■ **Dataset content**:
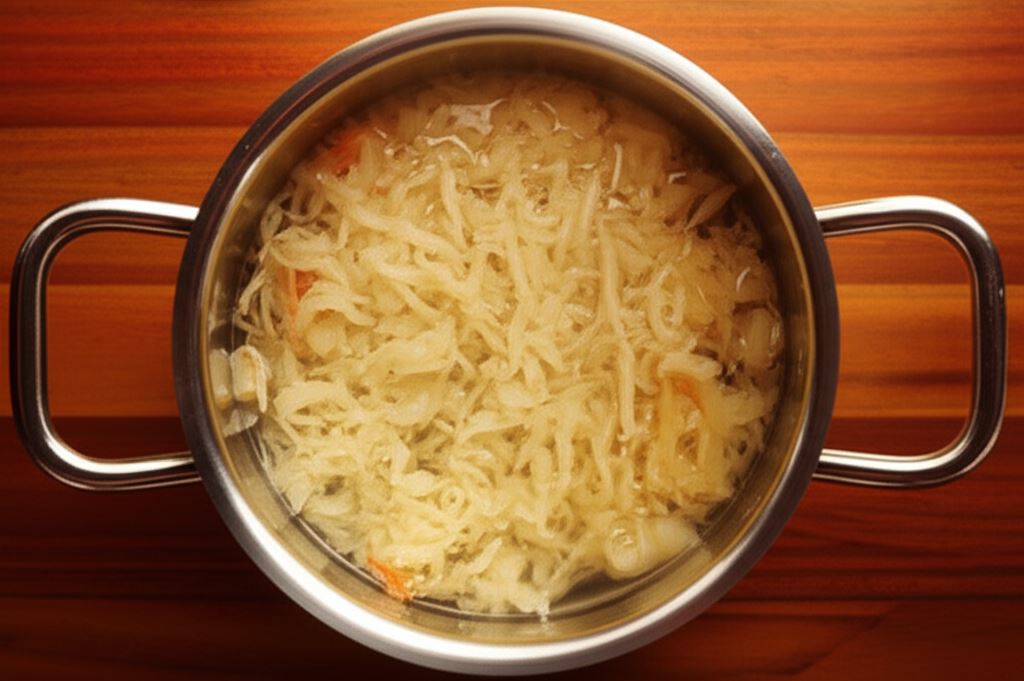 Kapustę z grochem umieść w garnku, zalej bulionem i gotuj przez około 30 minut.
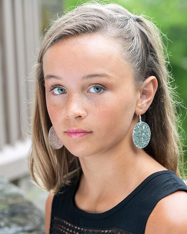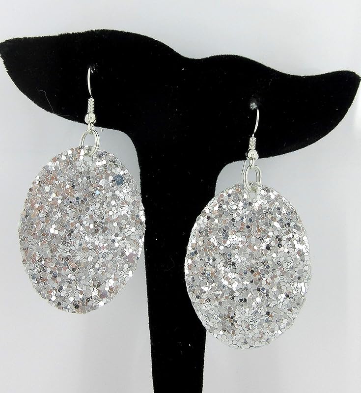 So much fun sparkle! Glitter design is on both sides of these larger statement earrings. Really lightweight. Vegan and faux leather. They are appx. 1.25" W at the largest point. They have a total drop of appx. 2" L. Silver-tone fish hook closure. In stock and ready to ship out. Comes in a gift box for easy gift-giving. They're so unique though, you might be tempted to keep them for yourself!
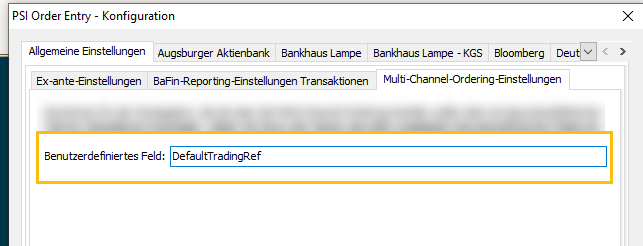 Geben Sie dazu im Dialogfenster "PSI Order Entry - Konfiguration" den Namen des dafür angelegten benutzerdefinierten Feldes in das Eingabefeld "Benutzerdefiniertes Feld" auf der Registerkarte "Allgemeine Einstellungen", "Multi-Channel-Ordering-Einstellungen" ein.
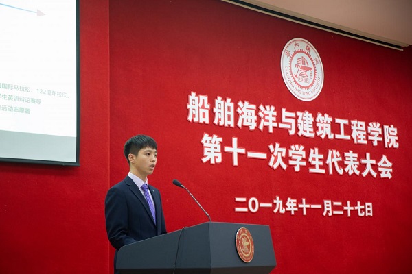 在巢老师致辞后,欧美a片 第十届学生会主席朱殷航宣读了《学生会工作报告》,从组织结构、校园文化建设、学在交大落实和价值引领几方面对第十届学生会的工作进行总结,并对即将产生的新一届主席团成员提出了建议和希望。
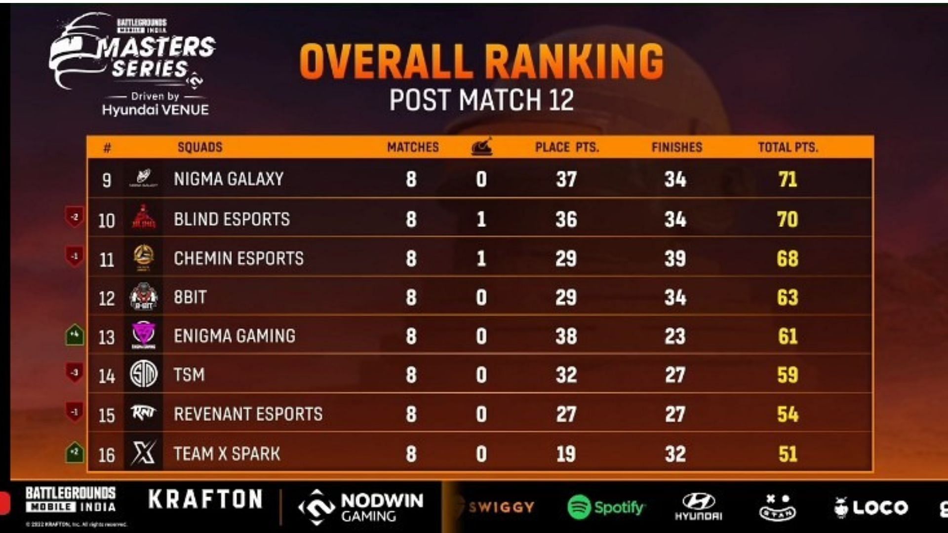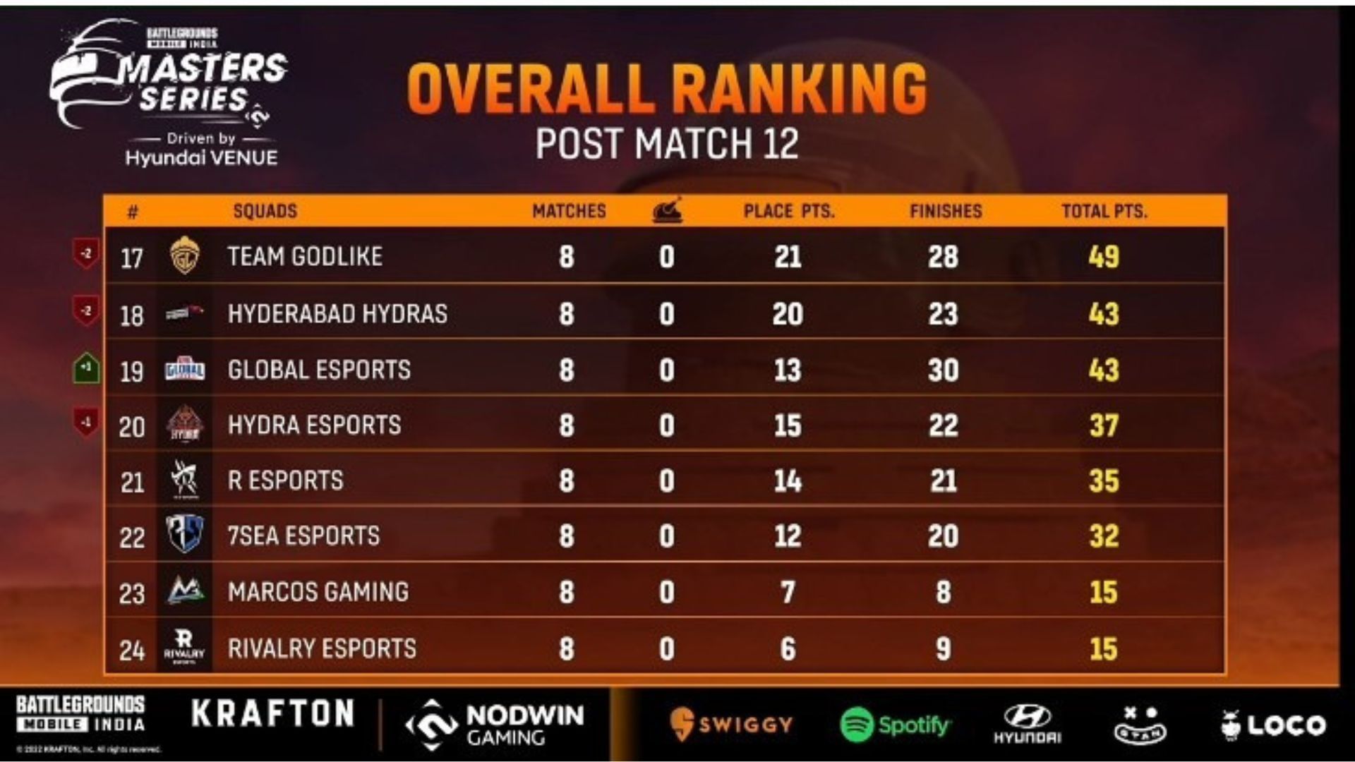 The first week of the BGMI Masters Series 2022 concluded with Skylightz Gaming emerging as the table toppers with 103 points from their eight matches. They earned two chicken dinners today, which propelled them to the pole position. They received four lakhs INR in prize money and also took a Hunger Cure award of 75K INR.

---

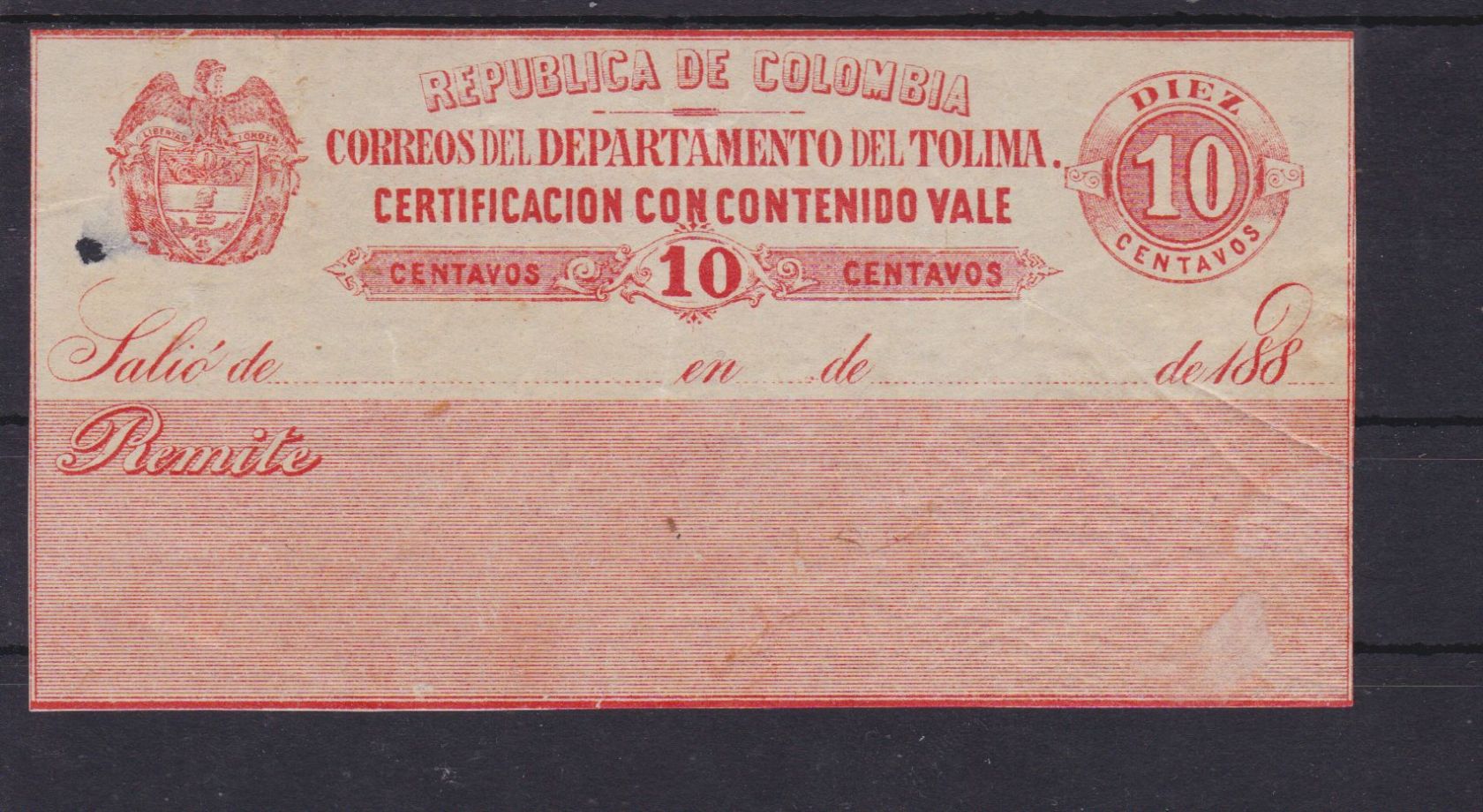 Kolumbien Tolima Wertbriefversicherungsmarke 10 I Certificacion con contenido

==

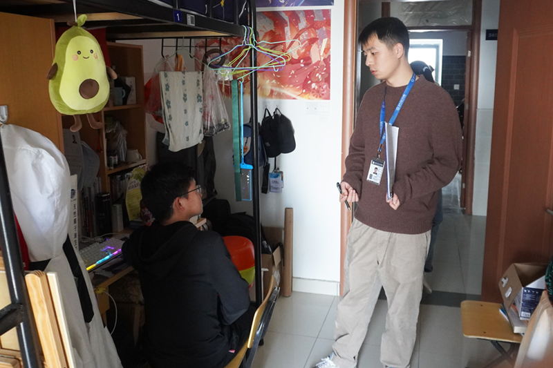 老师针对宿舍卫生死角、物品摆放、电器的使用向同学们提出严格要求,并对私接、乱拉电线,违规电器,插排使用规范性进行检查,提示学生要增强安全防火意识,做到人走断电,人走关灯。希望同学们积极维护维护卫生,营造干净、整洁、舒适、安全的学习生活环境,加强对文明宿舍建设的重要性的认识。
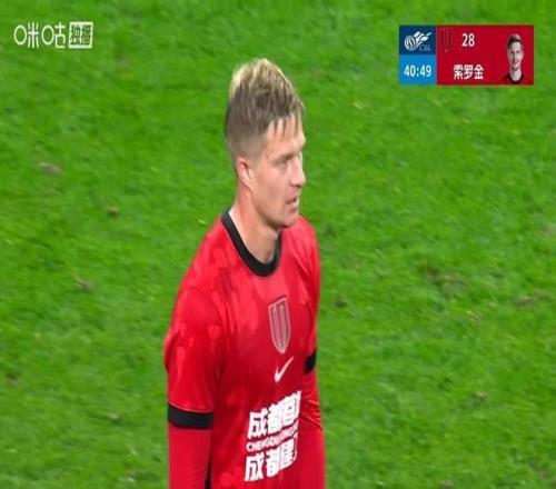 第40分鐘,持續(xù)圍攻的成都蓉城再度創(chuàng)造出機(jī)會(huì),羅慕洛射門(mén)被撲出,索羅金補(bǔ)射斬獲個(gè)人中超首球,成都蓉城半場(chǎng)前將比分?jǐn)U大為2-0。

■ **Required action**: Leave out every picture, and copy exactly the lines above starting at the one holding "Kapustę z grochem" and ending at the one holding "So much fun", no more and no less.

■ **Response for this exercise**:
 Kapustę z grochem umieść w garnku, zalej bulionem i gotuj przez około 30 minut.
 So much fun sparkle! Glitter design is on both sides of these larger statement earrings. Really lightweight. Vegan and faux leather. They are appx. 1.25" W at the largest point. They have a total drop of appx. 2" L. Silver-tone fish hook closure. In stock and ready to ship out. Comes in a gift box for easy gift-giving. They're so unique though, you might be tempted to keep them for yourself!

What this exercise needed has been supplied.